Найти в Дзене

Царство победившего желудка

Эта метафора — царство победившего желудка — возникла у меня в сознании во время полемики с одним из читателей, только там вместо слова «царство» используется слово «мир».

Не настаиваю на своей правоте, просто выражаю собственную точку зрения, а раз канал, вообще говоря, появился из-за желания делиться мыслями по поводу прочитанного, пусть даже и давно, в нежные детские годы, то неудивительно, что привлекаются художественные произведения, которые всплывают в памяти, о существовании которых хочется напомнить.

Ключевое слово в этой метафоре — желудок. Он как вместилище пищи совершенно необходим человеку. В концепции триединого мозга за функционирование тела и биологическое выживание отвечает так называемый мозг рептилии, который находится в задней и центральной части мозга. Но человеком нас делает не он, а неокортекс, располагающийся в верхнем слое полушарий, ответственный за мышление и речь, позволяющий нам анализировать, обобщать, планировать, мечтать.
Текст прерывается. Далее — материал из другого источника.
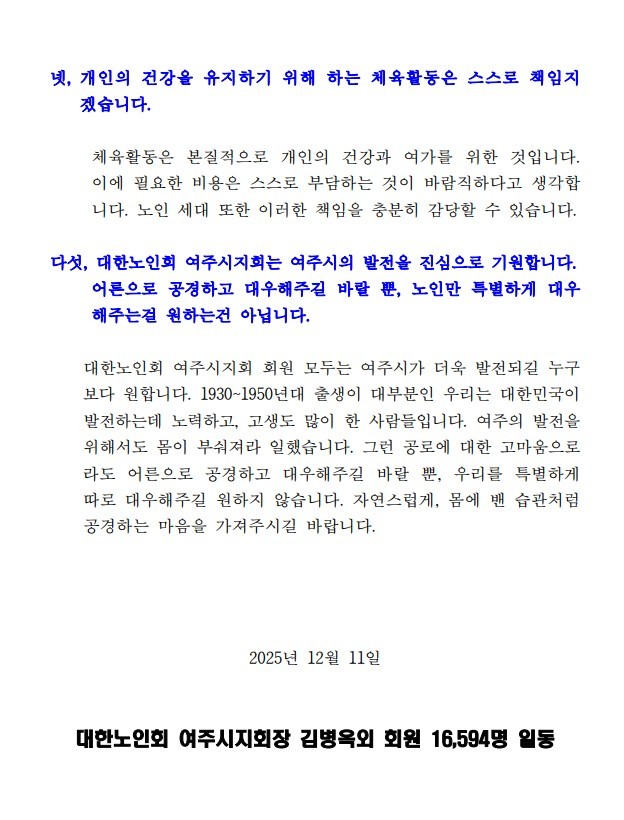 이번 조례 개정안은 65세 이상 시민과 장애인에게 공공체육시설 사용료를 전액 무료화하는 내용을 담고 있었으나, 대한노인회 여주시지회는 입장문을 통해 전면 무료화보다는 현행 감면 제도의 유지가 바람직하다는 분명한 입장을 밝혔다.

Так что не желудок (не тело, не биологические потребности) должен управлять человеком, а разум, вдохновлённый добрыми чувствами. Иначе, если мы не будем использовать свой сложный, изначально гармоничный организм по назначению, род человеческий деградирует, выродится, и из сапиенсов мы превратимся во что-то совершенно иное.

Но слово «желудок» прозвучало и породило ассоциации, в том числе литературные.

Помните, какой замечательный аппетит был у Павла Ивановича Чичикова? Гоголь так пишет о господах средней руки: «Автор должен признаться, что весьма завидует аппетиту и желудку такого рода людей», желудку, который в любое время дня и ночи мог вместить в себя много разной еды.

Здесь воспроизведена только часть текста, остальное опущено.